Однажды, возвратясь на свое место, я увидел его лицо за дверью; взглянув на меня, он возмущенно задернул занавеску. Не спеша я пересек улицу. Перед магазином я остановился. Осмотрел витрину. Конечно, мне сразу же бросился в глаза мой старый «тиссофлекс». Так вот где он теперь! И — надо же! — триста девяносто пять франков. Я вошел в магазин, отдернул занавеску. Господин Морон стоял у кассы. Он был один. Я заметил, что он слегка побледнел. У него и вправду были лягушачьи глаза.
— Что вам угодно? — Его голос дрожал. Я притворился, будто вижу его впервые.
— Я хочу купить свой «тиссофлекс», — сказал я спокойно, указав кивком головы на витрину.
Выпучив свои глазки, он неуверенно обошел прилавок.
— Вот, вот, — сказал я.
Он взял аппарат с витрины.
— Ладно, — сказал я, — значит, триста девяносто пять. — Я положил деньги, взял аппарат и вышел из магазина. От такого человека, как он, можно было вполне ожидать какой-нибудь грубой выходки. Поэтому я ушел, чтобы больше не возвращаться и не вспоминать о нем. Кстати, это было в день моего отъезда из Невшателя.

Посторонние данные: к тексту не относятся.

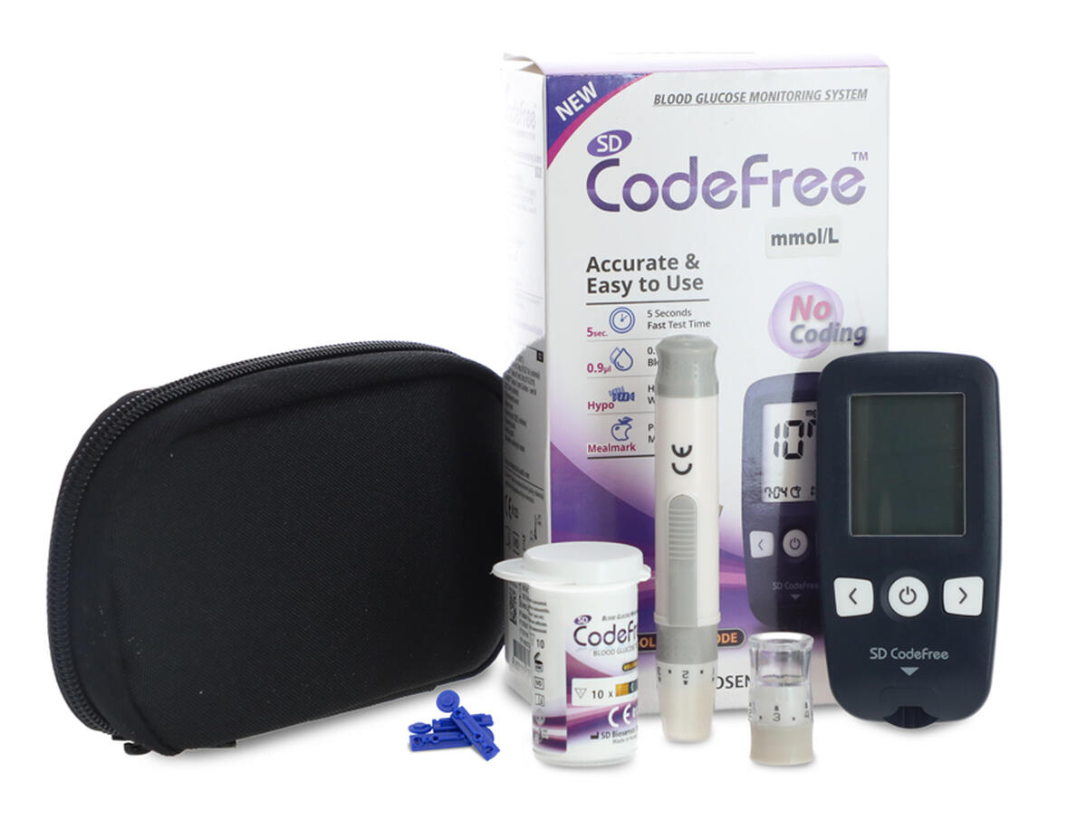 SD CodeFree Plus je moderný a spoľahlivý glukomer navrhnutý na pohodlné a rýchle meranie hladiny cukru v krvi. Vďaka jednoduchej obsluhe je vhodný pre každého používateľa. Meranie prebieha už do 5 sekúnd a vyžaduje len minimálnu kvapku krvi. Nameraný výsledok zobrazený na displeji dopĺňa zvukový signál, takže ihneď viete, či je hladina glukózy nízka, optimálna alebo vysoká.

Я не предполагал тогда, что скоро мне снова придется услышать о нем, об этом господине Мороне. Я услышал о нем в Трамлане, к моему немалому удивлению, от моего друга Альберта. В Трамлан, этот небольшой, довольно грязный городок за Шасралем, известный своим часовым заводом, я пришел пешком. Уже смеркалось и было прохладно, когда я вошел в город; я устал нести чемодан и был голоден, я шел в свете уличных фонарей и никак не мог найти гостиницы, поэтому я зашел в первую попавшуюся харчевню. Зал был полупустой. Я поставил чемодан под вешалку, повесил куртку, и когда примерно через полчаса я начал хлебать мой суп, оба мои соседа по столу пожелали мне приятного аппетита. Как и я, они были швейцарские немцы, родом из Восточной Швейцарии. Мы заговорили о здоровом, как я слыхал, чистом от пыли воздухе Трамланского района, и, когда я откинулся на спинку стула, чтобы отхлебнуть пива, мой взгляд упал на перегородку из матового стекла, отделяющую зал от комнаты хозяев; если встать, то можно было, наверно, заглянуть из этой комнаты в зал. Над перегородкой маячило чье-то лицо. Глаза как у куницы.